Benue Pensioners decry losing wives to okada riders, ENigeria Newspaper reports.
Pensioners in Benue state marched peacefully under the banner of Aggrieved Pensioners to protest 34 and 74 months of pension and gratuity arrears owed to them at the state and local government levels, respectively.
The aggrieved pensioners who took off from Ken Ville Park, High Level area of Makurdi, went round the city center chanting solidarity songs, photographs obtained by ENigeria Newspaper suggests.
Why Benue Pensioners decry losing wives to okada riders
The Benue pensioners decry losing wives to okada riders. “All We Are Saying, Mr Governor, Give Us Our Pension And Gratuity,” “Mr Governor, Defender of Benue Valley, Please Defend Us Pensioners Too Or We Will Die Finish,” and “Mr Governor, Pay Us Our Pension And Gratuities.” We, too, require financial assistance to eat,” among other things.
Mr. Akosu Ugba, the group’s chairman, led members around town, telling journalists that they are having a peaceful protest to demand pay and to let the rest of the world know what they are going through.
“We’ve assembled to inform the rest of the world about what’s going on with us. We want the world to know that we are hungry and have been treated badly.”
“What is happening to us is inhumanity to humanity,” Ugba said, describing their nonpayment as horrible. At the state and municipal government levels, we have not been paid for 34 and 74 months, respectively.
“We can no longer afford to send our children to school because we cannot afford their school fees.” Because we are no longer economically active, we have lost our wives to okada people. There is nothing we can do.

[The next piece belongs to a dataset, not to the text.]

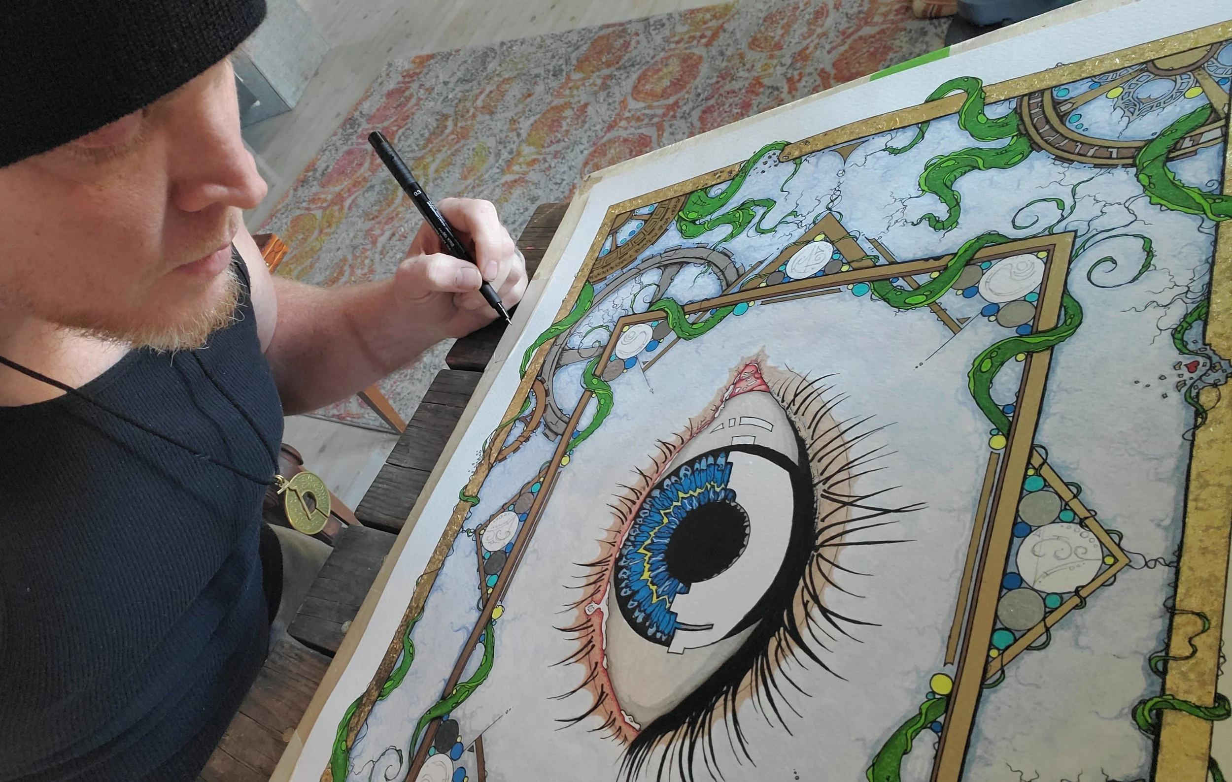 An Original Image on Watercolor Paper using Genuine Lapis Lazuli watercolor paint, Prima pencils and markers, Gold leaf and silver and gold metallic paint.
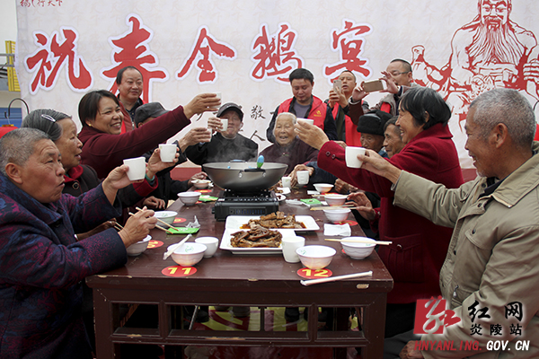 11:25,此次活动的重头戏--"百人古装祝寿全鹅宴"开始。电子商务产业园门口,数十张客家方桌一字摆开,福来喜鹅业有限公司团队为活动精心准备的"全鹅宴"菜肴依次上桌。随后,十位来自霞阳镇敬老院的老人与百名古装爱好者一起品尝火焰醉鹅、卤全鹅、卤鹅翅、卤鹅掌、酱香鹅、鹅汁云雾笋、炎陵米酒、艾叶米果,场面喜乐融融、温馨幸福。

Some of our people are dying because they are on particular drugs or diets that they can no longer afford.”
According to the Chairman, Benue pensioners are dying quietly as a result of inhumane treatment and the resulting psychological stress, with over 500 members having died so far.
“When we protested previously, we went to the government house, but the speaker, Titus Uba, told us that the bailout money granted by the federal government did not pay pensions.” We stayed for seven days and seven nights until being chased away by goons.”
As a result, he demanded that the state government pay their 34-month and 74-month arrears at the state and local government levels, respectively, saying:
“Now that the Paris Club return has been issued concurrently with the government allotment, they should pay us six months out of the 32 and 74 months outstanding to alleviate our pain and stabilize us, and then pay us two months in a row until the arrears are settled.” This is what we want.”
When pensioners protested in 2019, state Governor Samuel Ortom urged with them to be patient with his administration, saying that it will find a way to pay off their debts.
He has, however, adopted the PENCOM Law, allowing the government to pay the state’s pension arrears.